Hi I have that I should have pasted the entire config file...here is the entire config file....

 input {
stdin {
codec => multiline {
pattern => "^(Mon|Tue|Wed|Thu|Fri|Sat|Sun) "
negate => true
what => previous
}
}
  file {
    path => "/opt/sample-data/E1-logs-v1/*.log"
    start_position => "beginning"
    sincedb_path => "/dev/null"
  }
}

filter {

grok {
match => ["path", "/opt/sample-data/E1-logs-v1/%{DATA:filename:keyword}.log"] }

grok {
match => [ "message","Percent of MAF exact matches that stayed the same E1 code: %{NUMBER:percentSame:float} %" ] }

grok {
match => [ "message","Percent of MAF exact matches that changed E1 code: %{NUMBER:percentChanged:float} %" ] }

grok {
    match => { "message" => [ "%{INT:firstFileRecords:int} recs read from %{PATH:firstFile}\.%{INT:secondFileRecords:int} recs read from %{PATH:secondFile}\.%{INT}" ] }
  }

grok {
match => { "message" => [ "^%{DAY} %{DATE:date} %{TIME:time}\.%{INT:subsecond}" ] }
add_field => { "stamp" => "%{date} %{time}.%{subsecond}" }
}

}

output {
stdout {codec => rubydebug }
}

@sconrod OK, so let's get rid of the stdin input, and just use the file input. That needs a multiline codec added (the one on the stdin input does not impact the file input).

input {
  file {
    codec => multiline {
      pattern => "^(Mon|Tue|Wed|Thu|Fri|Sat|Sun) "
      negate => true
      what => previous
    }
    path => "/tmp/X*.log"
    start_position => "beginning"
    sincedb_path => "/dev/null"
  }
}

filter {
  grok { match => { "path" => "/(?[^/]+).log" } }
  grok { match => { "message" => "^%{DAY} %{DATE:date} %{TIME:time}\.%{INT:subsecond}" } }
  grok { match => { "message" => "Percent of %{WORD} exact matches that stayed the same %{WORD} code: %{NUMBER:percentSame:float} %" } }
  grok { match => { "message" => "Percent of %{WORD} exact matches that changed %{WORD} code: %{NUMBER:percentChanged:float} %" } }
  grok { match => { "message" => "%{INT:firstFileRecords:int} recs read from %{PATH:firstFile}\.
%{INT:secondFileRecords:int} recs read from %{PATH:secondFile}\.
%{INT}" } }
  mutate { add_field => { "stamp" => "%{date} %{time}.%{subsecond}" } }
  date {
    match => [ "stamp", "MM/dd/yyyy HH:mm:ss.SS" ]
    timezone => "Asia/Baku"  
  }
  mutate { remove_field => [ "date",  "time", "subsecond", "stamp" ] }
}

It appears that once a grok fails, subsequent groks do not do anything, so keep the working ones at the top of the filter, and tune the one at the bottom. Yeah, I know you are probably not in Baku, it's a placeholder :slight_smile:

@Badger
Would it be better to use filebeats for this?

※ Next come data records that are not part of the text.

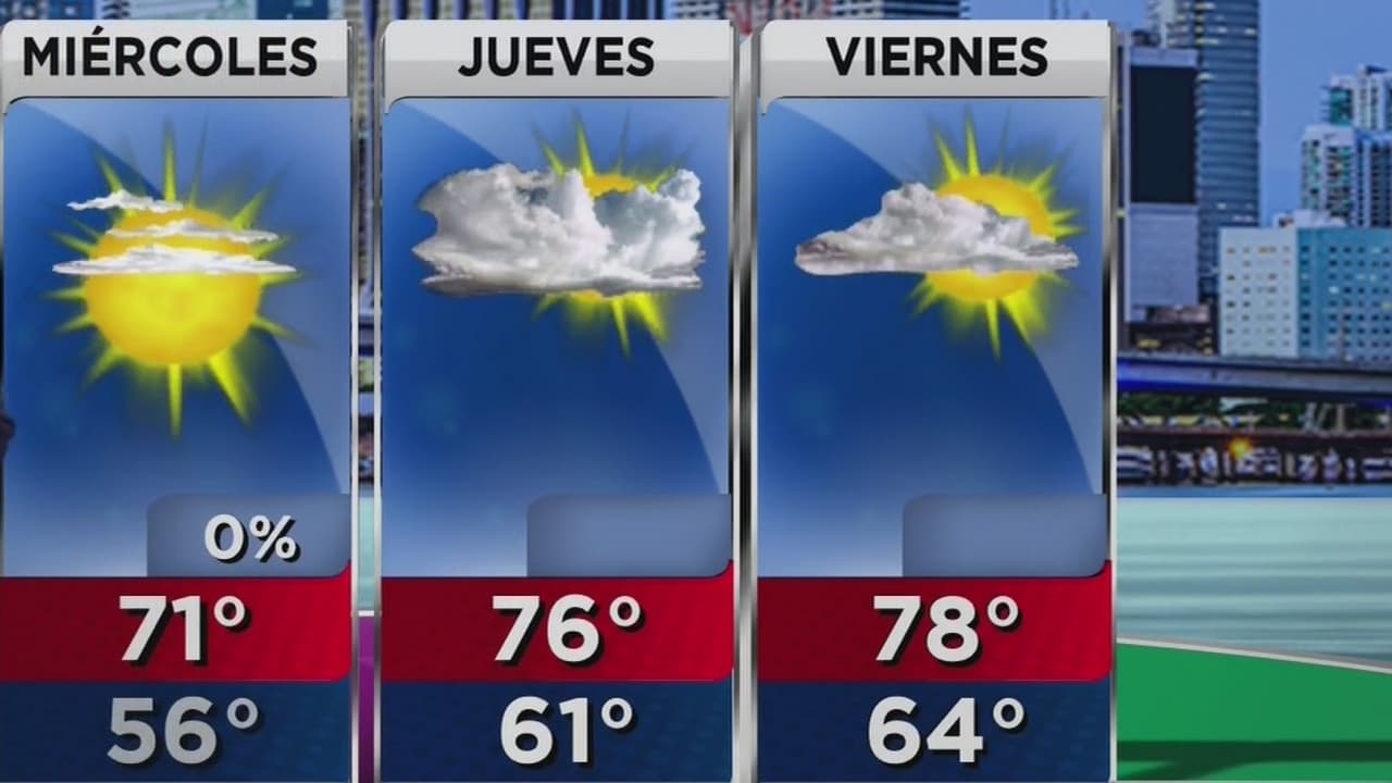 La temperatura máxima será de 71 grados, en un día mayormente soleado. No hay probabilidades de lluvia.
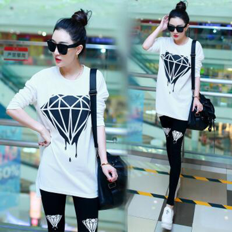 2015韓版秋裝新款女字母印花中長衛(wèi)衣潮品寬松套裝 運動休閑套裝 /
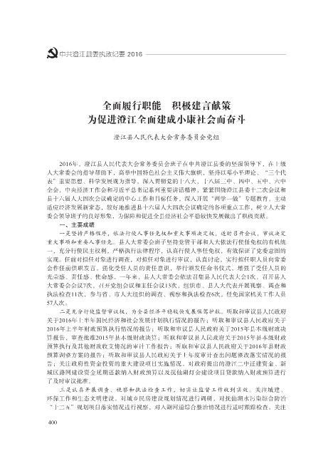 2016年,澄江县人民代表大会常务委员会班子在中共澄江县委的坚强领导下,在上级
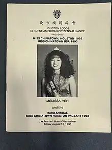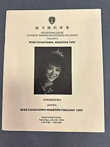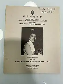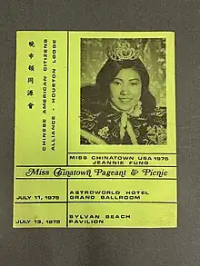 - ↑ "Houston Lodge Chinese American Citizens Alliance Miss Chiantown Houston Pageant 1984".
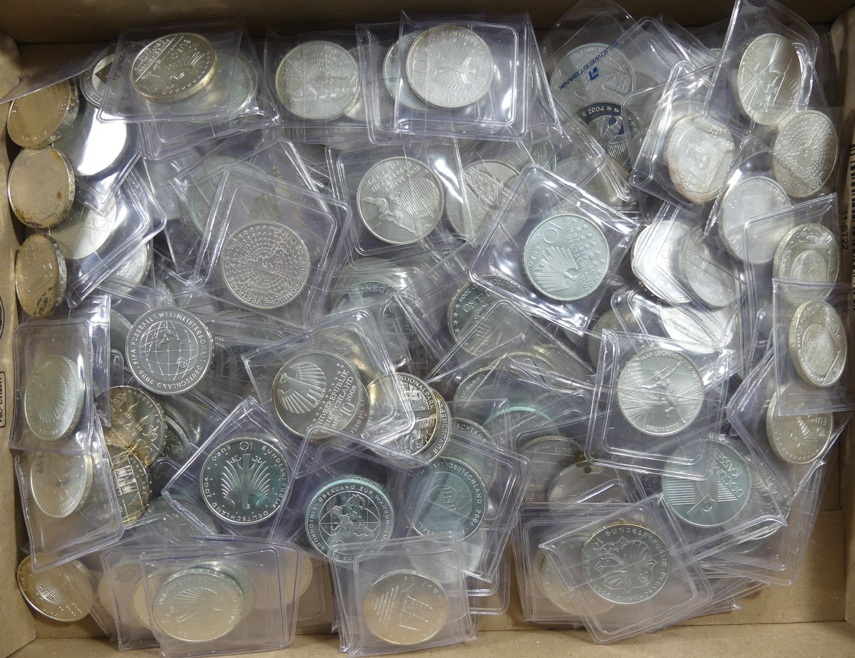 Händlerlos von 10 Euro Gedenkmünzen aus den Jahren 2002-2009, viele mehrfach (Nominale 1.530 Euro, Silber ca. 2.545 g fein). Erhaltung: vz-st
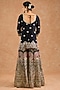 Featuring a black kurta in viscose chinon chiffon base with multi-colored thread, sequins and zari embroidery. It is paired with a sharara and a dupatta. Accentuate it with polki jewellery and block heels for a wedding or sangeet ceremony.
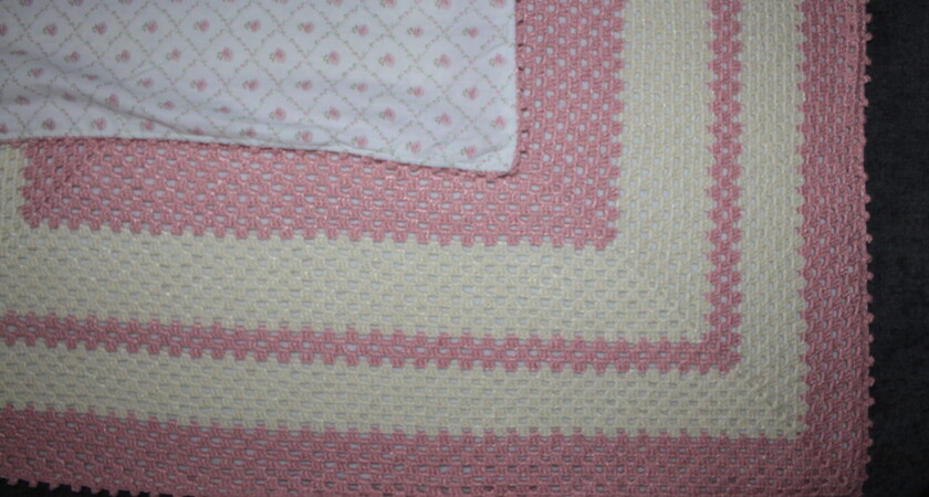 Check out these gorgeous photos of this pink and yellow granny square crochet baby blanket
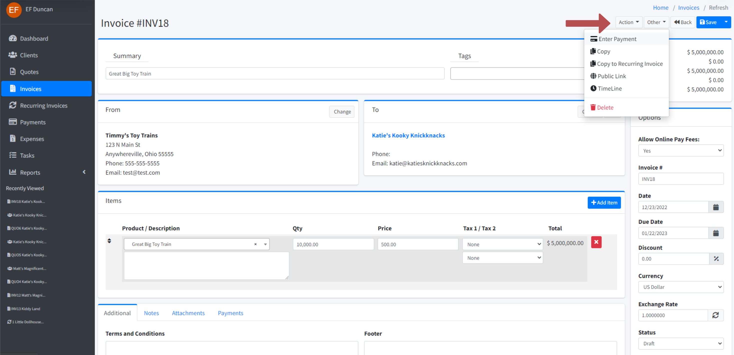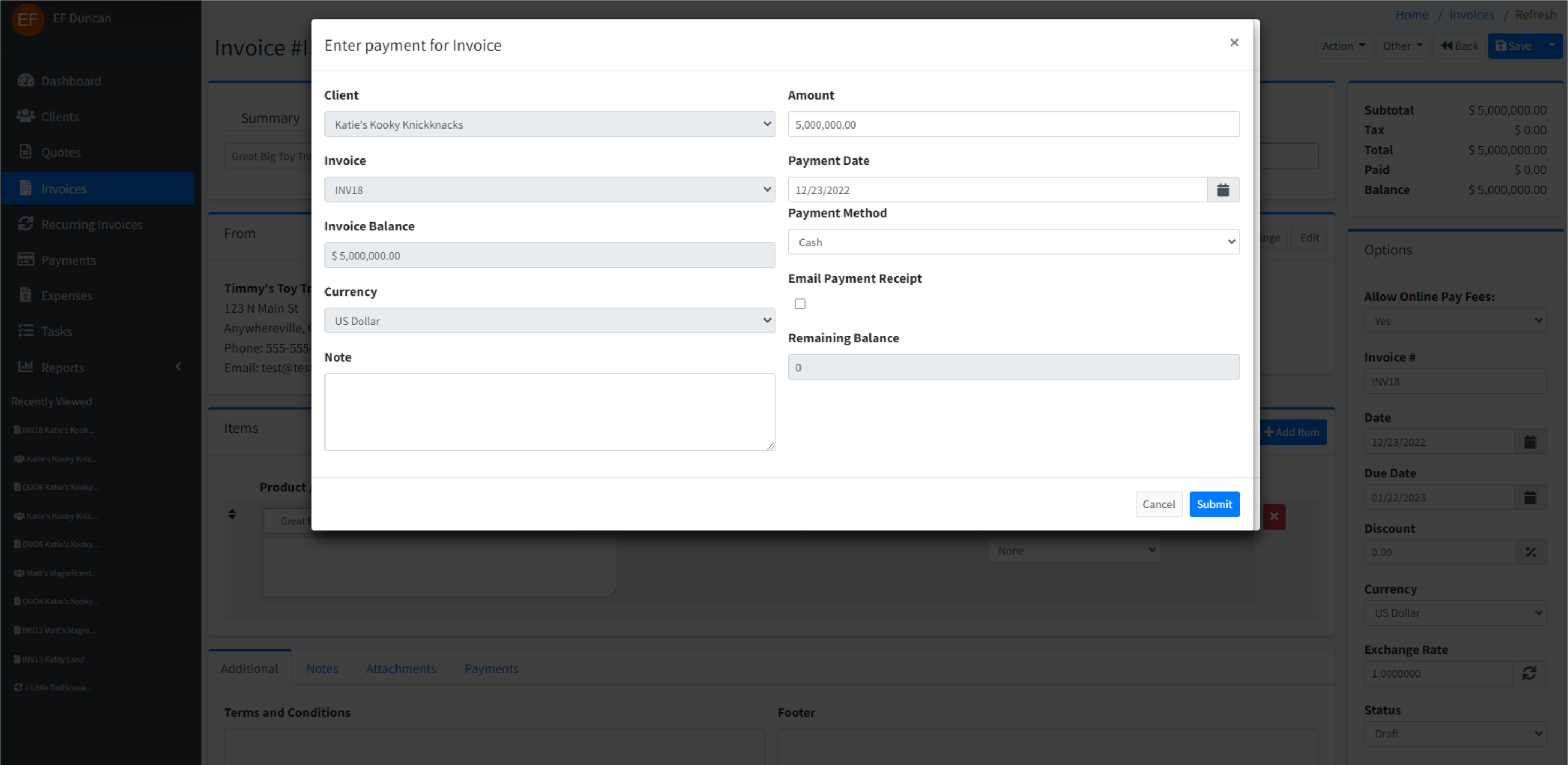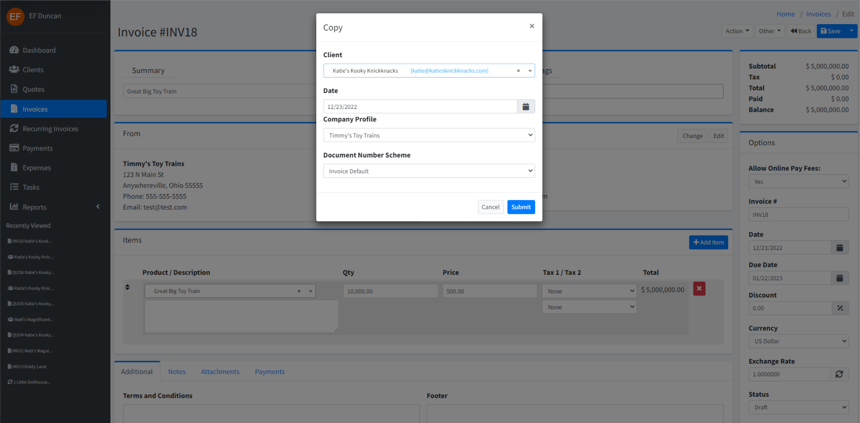 Press Submit when done and you'll be taken to the Invoice Edit screen.
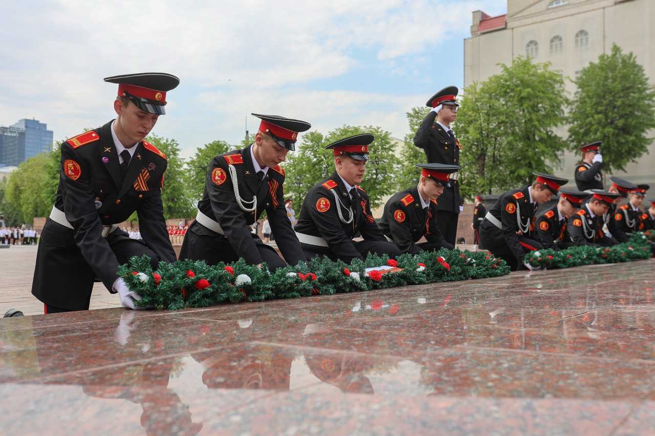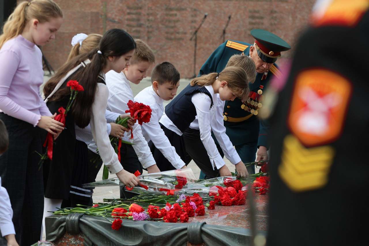 После минуты молчания кадеты возложили гирлянду Памяти к Вечному огню. Завершилась церемония возложением цветов к Могиле Неизвестного Солдата.
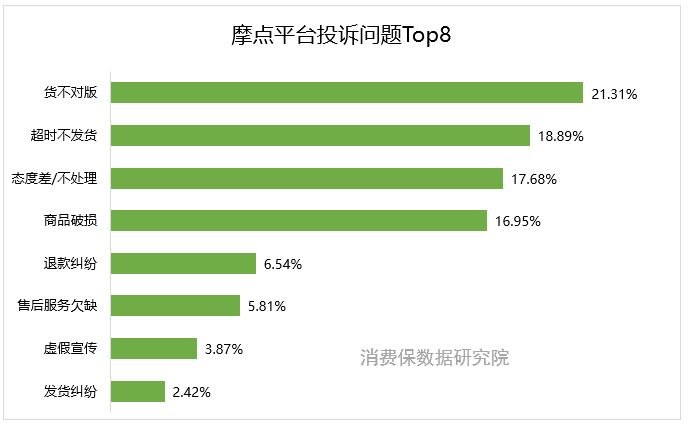 据消费保平台数据显示,涉及摩点投诉问题较为集中,其中“货不对版”的投诉占比最高,为21.31%,这也是“糖指数100%”众筹用户主要投诉的问题;紧随其后的分别是“超时不发货”(18.89%)、“态度差/不处理”(17.68%)、“商品破损”(16.95%),这几类问题累计占比超七成。
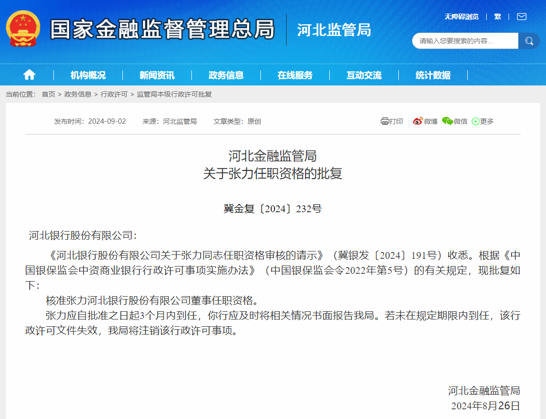 据国家金融监督管理总局网站显示,核准张力河北银行股份有限公司董事任职资格。

You are going to end up doing the parsing in logstash anyway, so how you get the files off disk does not make much difference.

@Badger
Still not working. I would like to start from scratch and simplify this.

Say I only want to grok these two lines an nothing else...

Percent of MAF exact matches that changed E1 code: 0.000 %
Percent of MAF exact matches that stayed the same E1 code: 100.000 %

So that I have two fields added:

These will be keyword
E1-MAF-MATCH
E1-MAF-CHANGED
These will be keyword

and the 100.00 will be an Integer

Here is my try:

grok{
match => ["message" => "%{DATA:log-message} "changed E1 code:" %{NUMBER:Number:INT}"]
add_field => ["MAF-E1-CHANGED:keyword", "%{log-message}"]
}

grok{
match => ["message" => "%{DATA:log-message} "stayed the same E1 code:" %{NUMBER:Number:INT}"]
add_field => ["MAF-E1-SAME:keyword", "%{log-message}"]
}

@sconrod

grok{
  match => ["message" => "%{DATA:log-message} "changed E1 code:" %{NUMBER:Number:INT}"]
  add_field => ["MAF-E1-CHANGED:keyword", "%{log-message}"]
}
  1. You can do either 'match => [ "fieldName", "pattern" ]' or 'match => { "fieldName" => "pattern"}'. Either will work, but you are mixing and matching, which does not work.

  2. The pattern should be a single quoted string. Remove the quotes inside the pattern:

"%{DATA:log-message} "changed E1 code:" %{NUMBER:Number:INT}"

should be

"%{DATA:log-message} changed E1 code: %{NUMBER:Number:INT}"

  1. Appending :keyword to the field probably does not do what you want it to do.

  2. '%{NUMBER:Number:INT}' should be '%{NUMBER:Number:int}' (or even %{NUMBER:Number:float}')

This topic was automatically closed 28 days after the last reply. New replies are no longer allowed.